回想 体育祭 2/3
教室に着くと数名の生徒がいたが、あまり関わりの無い人ばかりだった。
僕は机に座り、ぼーっとしていた。
すると斜め後ろの席から声をかけられる。
「アンタお昼は?」
「あ、りき。」
りきとは小学校と中学校も一緒で家も近所で、小さい頃は一緒に登下校もしたりしていた。
でも、そんなに特別仲が良いと言えるほどでもなかったし、中2の時にりきの親が再婚をしてからはあまり関わりがなかった。
元から人付き合いが多い方ではないりきは、その時期から人と関わる事を避けるようになった気がする。
りきの見た目が変わったのもその頃だ。
攻撃的な見た目はますますりきを孤立させた。
でも、僕にとっては沢山いる「友達みたいなもの」の中の1人だったから、特になんとも思わなかった。
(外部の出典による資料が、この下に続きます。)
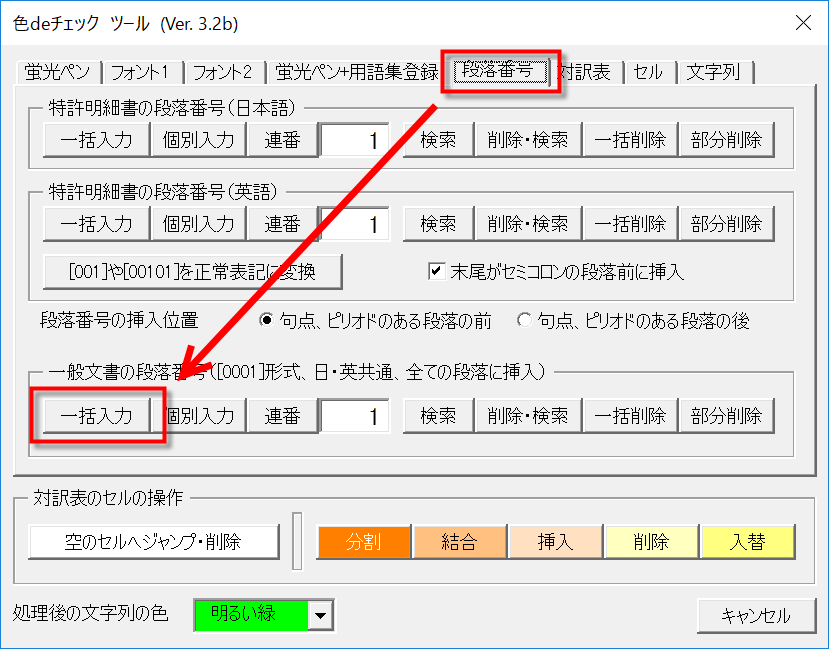 挿入された段落番号は明るい緑色の蛍光ペンで着色されています。

それからはあんまり話さなかったし、高校に入学して同じクラスなっても、お互い関わることはなかった。
だから、すごく久しぶりに話しかけられた気がする。
「食べるものないの?」
「えーっと、ダイエット!なんちゃって……」
「は?」
僕は事情を話した。
「ここで待ってて。着いて来ないでよ。」
僕の話を聞いたりきはそう言って教室を出た。
僕は釘を刺されたが、りきの後をつけることにした。
だって、学食も購買もやってないのにどこにいくのか気になったから。
すると彼女は校舎裏の茂みに消えた。
そこでしばらく待ってみても出てこないから、僕は茂みに入ってみる。
そこにはりきの姿はなかった。
ただ少し広い空間と僕の身長には高いフェンスがあって、その向こうに住宅地の路地が見えた。
僕は教室に戻ってりきを待つことにした。